• _Material provided_
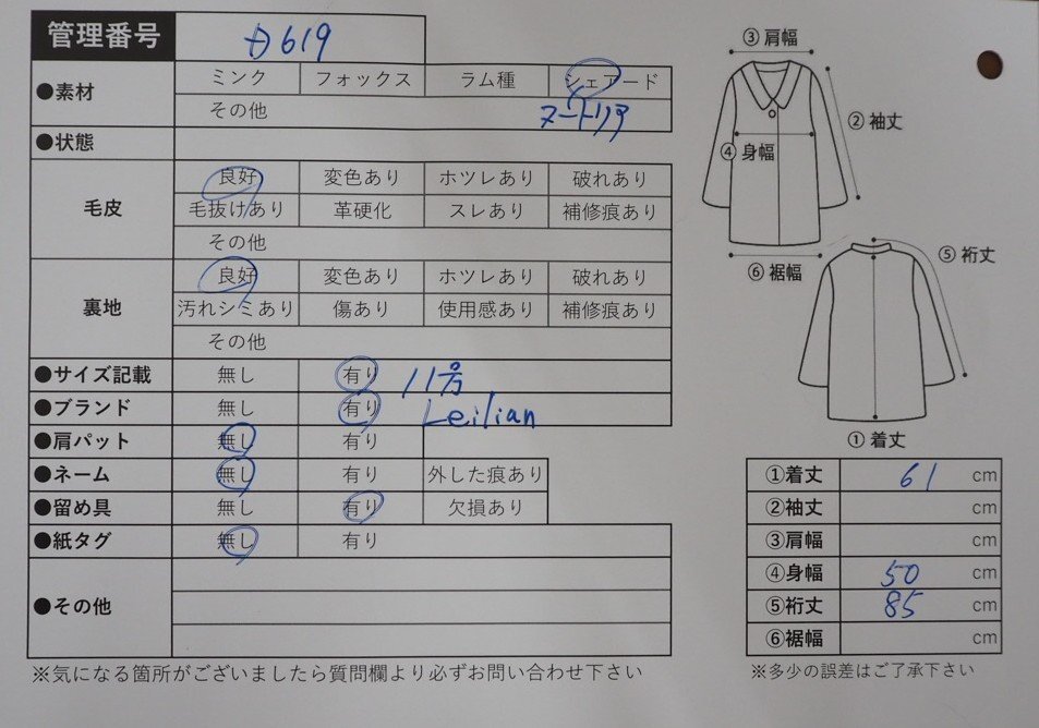高級毛皮【 ¥1000~ / Leilian / 日本製 】 ◆美品 ◆シェアードヌートリア ◆ショートコート 61cm丈 ◆ブラック ◆サイズ 11号 ◆D619
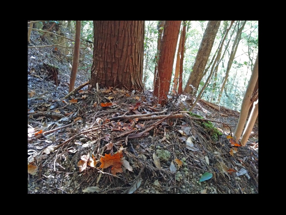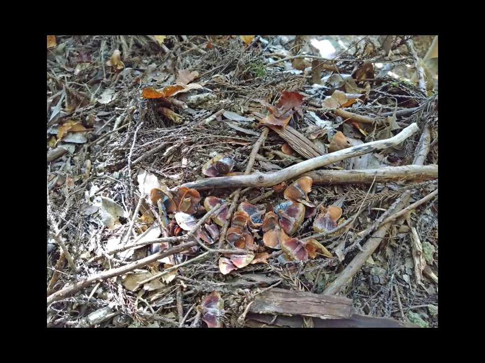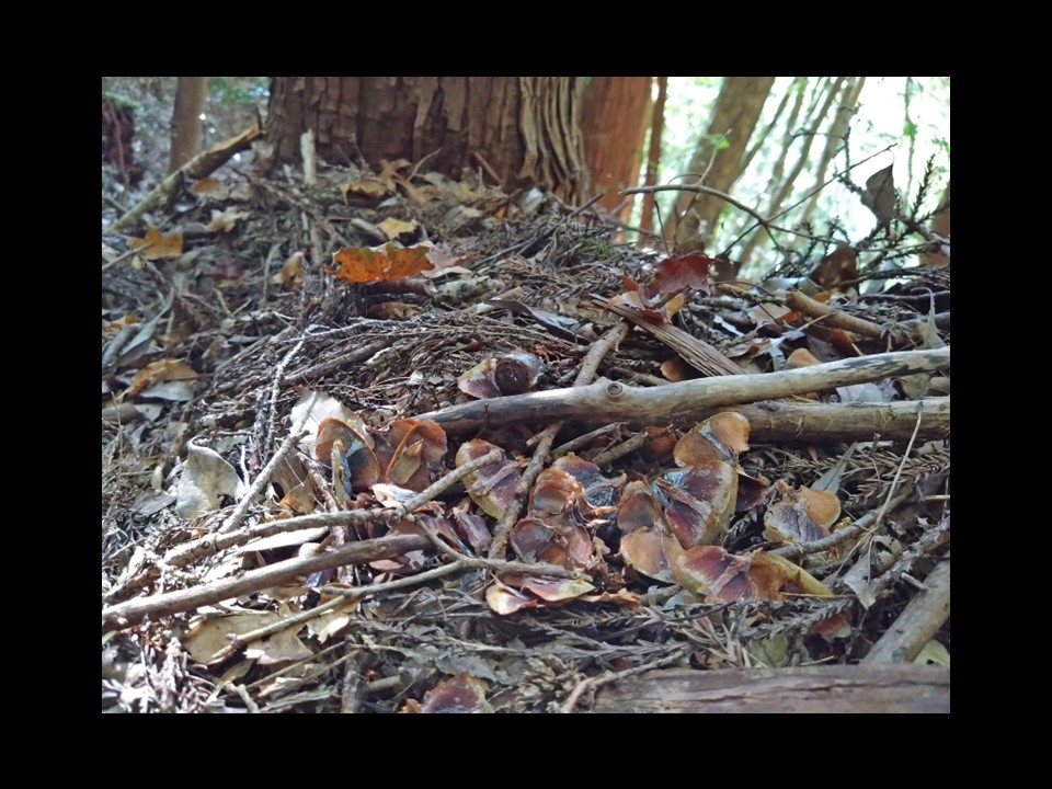 ということで、今回は一例として、杉の木の下でリスが創ったファーローズを紹介します。この場所から見て最寄りのモミの木は、画面中央よりやや右奥の個体(右側に傾斜した灰白色の木)になりますが、距離にして6〜7mぐらい離れています。たぶん、リスはその個体から取ってきた実をここまで運んできて食べたのでしょう。
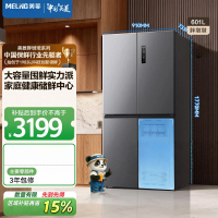 美菱收纳师601L十字门冰箱净味抗菌双变频超大容量一级能效家用节能风冷无霜新BCD-601WSP9CX
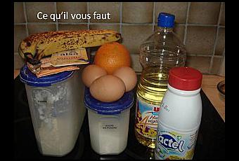 . Faire un puits et ajoutez l’huile, les œufs, le lait, puis les bananes en rondelles et le zeste d’orange.
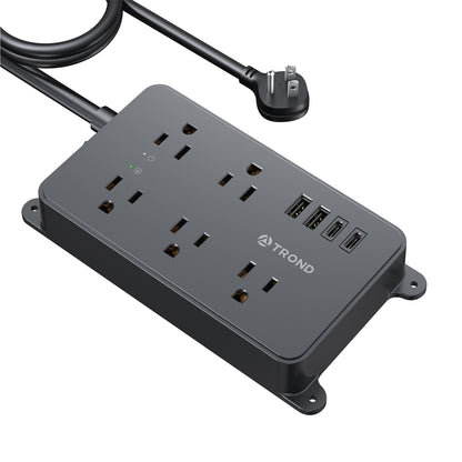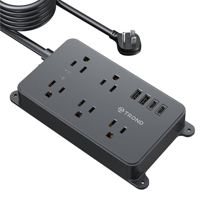 【Wall Mountable Power Strip】This wall mount power strip features a screw-mountable design with four mounting tabs, allowing you to securely install it in easily accessible locations such as behind the TV, on a workbench, in the garage, bedside, bathroom, laundry room, or under a desk or cabinet. Its low-profile design helps save valuable desktop space
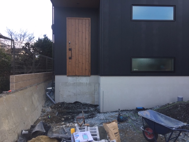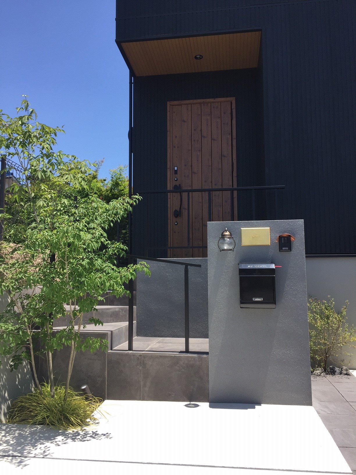 高低差を解消するおしゃれな玄関周り 太子町M様邸 2020年6月11日(THU)門柱や土間などハードな部分が多いと冷たい印象になるのですが小さいスペースに緑を取り込むことで印象がずいぶん変わります特に色目が黒やグレーなどモノトーンですので緑の効果は絶大です施工前仮設の足場も取り外しいよいよ外構工事スタートです
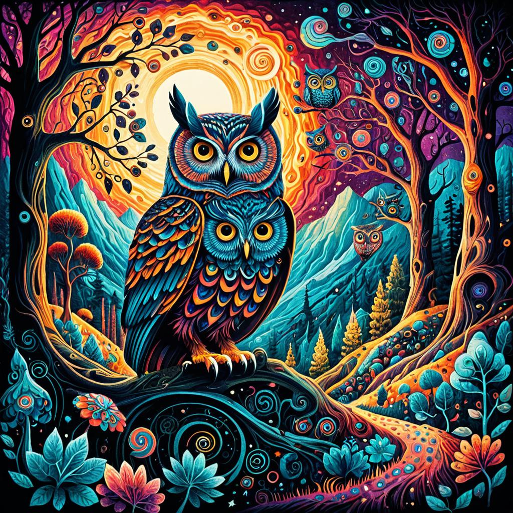 Surrealist illustration of a vibrant and otherworldly landscape filled with swirling patterns, abstract shapes, fantastical creatures such as mythical dragons, and crystalline flora. High quality, ultra-detailed, vibrant colors, intricate surreal lighting, dreamlike and mystical.
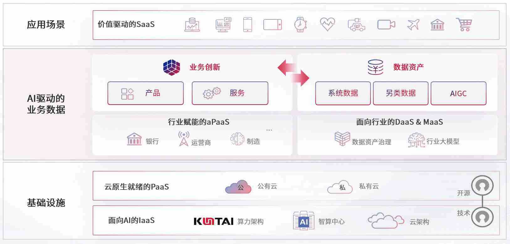 数字时代,,围绕企业数字化转型的关键要素,,,,k豆钱包数码开创性的提出数云融合战略和技术体系框架,,,着力在云原生、、、数字原生、、、AI原生和信创产业上架构产品和服务能力,,,,为处在不同数字化转型阶段的快消零售、、、、汽车、、、金融、、、医疗、、政企、、、、教育、、运营商等行业客户提供泛在的敏捷IT能力和融合的数据驱动能力,,构建跨界融合创新的数字业务场景和新业务模式,,,,助力企业级客户建立面向未来的核心能力和竞争优势,,,,全面推动社会的数字化、、、智能化转型升级。。。
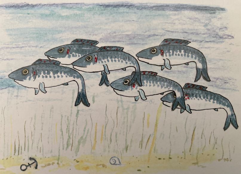 De Fischhöker wiest ehr mit sien Mess de Steed, wo he achtern vun
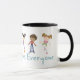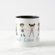 Les enfants de différentes couleurs viennent ensemble sur cette tasse avec les mots "Jésus ont dit l'amour chacun." Dans cette version les enfants n'ont aucun visage pour souligner des différences ethniques.
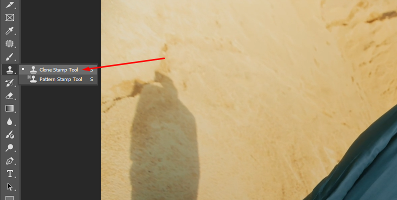 To sample an area, hold ALT (on Windows) or Option (Mac) and click over the image. This sets the starting point from which the tool will clone. Now move over the shadows and click to start painting over the shadows by copying pixels from the sample.
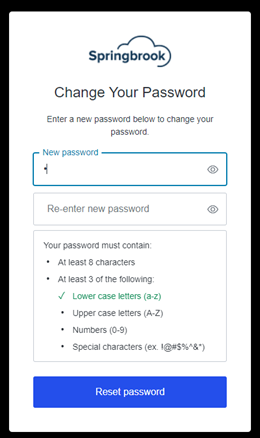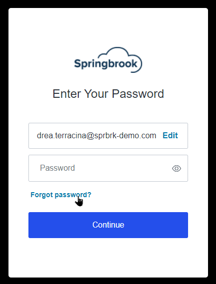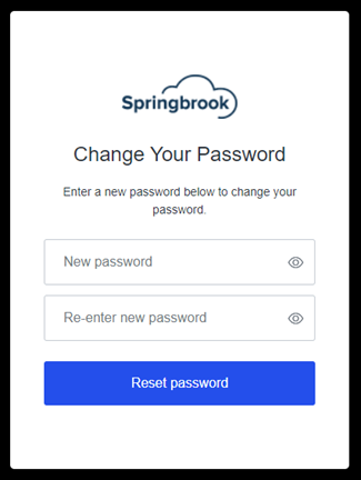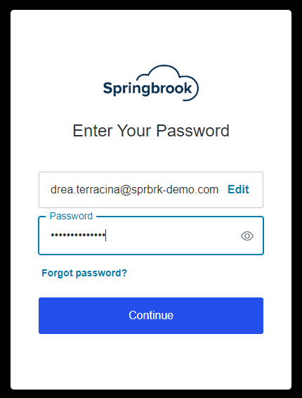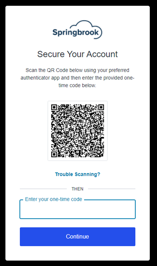 After your User has been created in Springbrook, you will need to establish your initial password and set up multi-factor authentication.
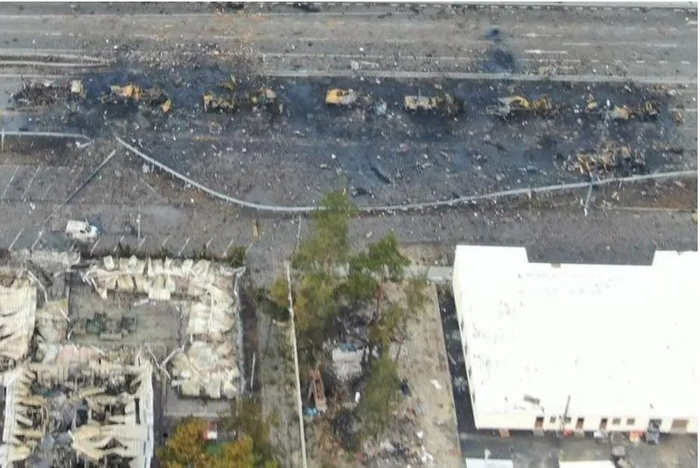 近日,一个名为“乌克兰武器追踪者”( Ukraine Weapons Tracker )的推特账号发布了一组照片,显示十几辆军车被烧成灰烬,已看不出原本模样。该账号的文字说明声称,这是乌克兰的无人机提供位置,再由60毫米迫击炮发动炮击,导致车队中运送燃料的卡车、弹药车发生爆炸造成多重伤害,导致俄罗斯车队在基辅附近被完全歼灭。
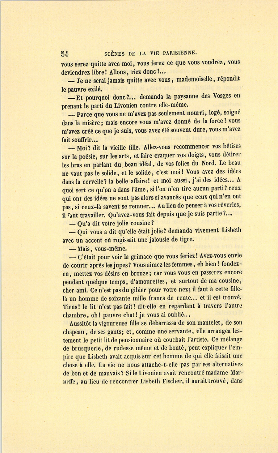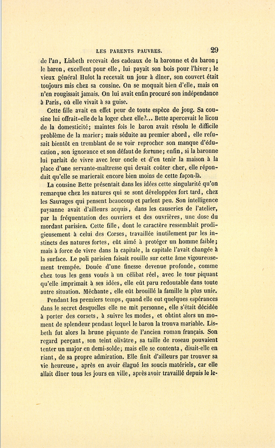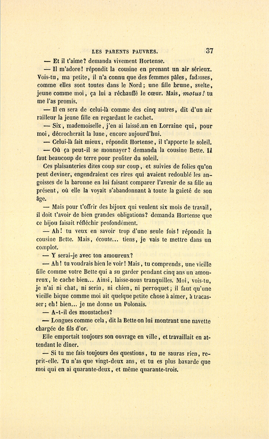 – Vous n’avez pas de monde ? demanda la cousine Bette.
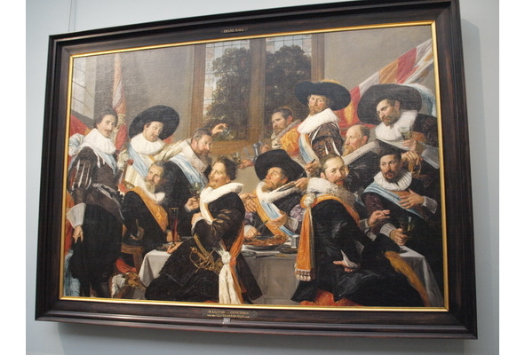 Вот еще семейство групповых военных портретов. Изображены банкеты!!! офицеров роты святого Георгия. Кстати автор не кто-то, а Франс Хальс.
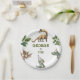 Celebrate your little one’s special day with this adorable dinosaur-themed birthday party paper plates! Featuring cute watercolor dinosaurs and leafy greenery, this customizable party plate is perfect for boys or girls who love dinos. Easily personalize the name, age, date, time details in minutes. Ideal for dino-themed, outdoor, or park birthday parties.
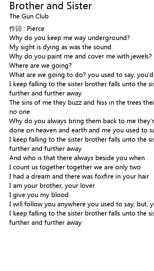 | I keep falling to the sister brother falls unto the sister keep getting pushed further and further away | |

• _Problem to solve_
Would you please set down the data above again exactly, without its pictures?

• _Answer space_
高級毛皮【 ¥1000~ / Leilian / 日本製 】 ◆美品 ◆シェアードヌートリア ◆ショートコート 61cm丈 ◆ブラック ◆サイズ 11号 ◆D619
 ということで、今回は一例として、杉の木の下でリスが創ったファーローズを紹介します。この場所から見て最寄りのモミの木は、画面中央よりやや右奥の個体(右側に傾斜した灰白色の木)になりますが、距離にして6〜7mぐらい離れています。たぶん、リスはその個体から取ってきた実をここまで運んできて食べたのでしょう。
 美菱收纳师601L十字门冰箱净味抗菌双变频超大容量一级能效家用节能风冷无霜新BCD-601WSP9CX
 . Faire un puits et ajoutez l’huile, les œufs, le lait, puis les bananes en rondelles et le zeste d’orange.
 【Wall Mountable Power Strip】This wall mount power strip features a screw-mountable design with four mounting tabs, allowing you to securely install it in easily accessible locations such as behind the TV, on a workbench, in the garage, bedside, bathroom, laundry room, or under a desk or cabinet. Its low-profile design helps save valuable desktop space
 高低差を解消するおしゃれな玄関周り 太子町M様邸 2020年6月11日(THU)門柱や土間などハードな部分が多いと冷たい印象になるのですが小さいスペースに緑を取り込むことで印象がずいぶん変わります特に色目が黒やグレーなどモノトーンですので緑の効果は絶大です施工前仮設の足場も取り外しいよいよ外構工事スタートです
 Surrealist illustration of a vibrant and otherworldly landscape filled with swirling patterns, abstract shapes, fantastical creatures such as mythical dragons, and crystalline flora. High quality, ultra-detailed, vibrant colors, intricate surreal lighting, dreamlike and mystical.
 数字时代,,围绕企业数字化转型的关键要素,,,,k豆钱包数码开创性的提出数云融合战略和技术体系框架,,,着力在云原生、、、数字原生、、、AI原生和信创产业上架构产品和服务能力,,,,为处在不同数字化转型阶段的快消零售、、、、汽车、、、金融、、、医疗、、政企、、、、教育、、运营商等行业客户提供泛在的敏捷IT能力和融合的数据驱动能力,,构建跨界融合创新的数字业务场景和新业务模式,,,,助力企业级客户建立面向未来的核心能力和竞争优势,,,,全面推动社会的数字化、、、智能化转型升级。。。
 De Fischhöker wiest ehr mit sien Mess de Steed, wo he achtern vun
 Les enfants de différentes couleurs viennent ensemble sur cette tasse avec les mots "Jésus ont dit l'amour chacun." Dans cette version les enfants n'ont aucun visage pour souligner des différences ethniques.
 To sample an area, hold ALT (on Windows) or Option (Mac) and click over the image. This sets the starting point from which the tool will clone. Now move over the shadows and click to start painting over the shadows by copying pixels from the sample.
 After your User has been created in Springbrook, you will need to establish your initial password and set up multi-factor authentication.
 近日,一个名为“乌克兰武器追踪者”( Ukraine Weapons Tracker )的推特账号发布了一组照片,显示十几辆军车被烧成灰烬,已看不出原本模样。该账号的文字说明声称,这是乌克兰的无人机提供位置,再由60毫米迫击炮发动炮击,导致车队中运送燃料的卡车、弹药车发生爆炸造成多重伤害,导致俄罗斯车队在基辅附近被完全歼灭。
 – Vous n’avez pas de monde ? demanda la cousine Bette.
 Вот еще семейство групповых военных портретов. Изображены банкеты!!! офицеров роты святого Георгия. Кстати автор не кто-то, а Франс Хальс.
 Celebrate your little one’s special day with this adorable dinosaur-themed birthday party paper plates! Featuring cute watercolor dinosaurs and leafy greenery, this customizable party plate is perfect for boys or girls who love dinos. Easily personalize the name, age, date, time details in minutes. Ideal for dino-themed, outdoor, or park birthday parties.
 | I keep falling to the sister brother falls unto the sister keep getting pushed further and further away | |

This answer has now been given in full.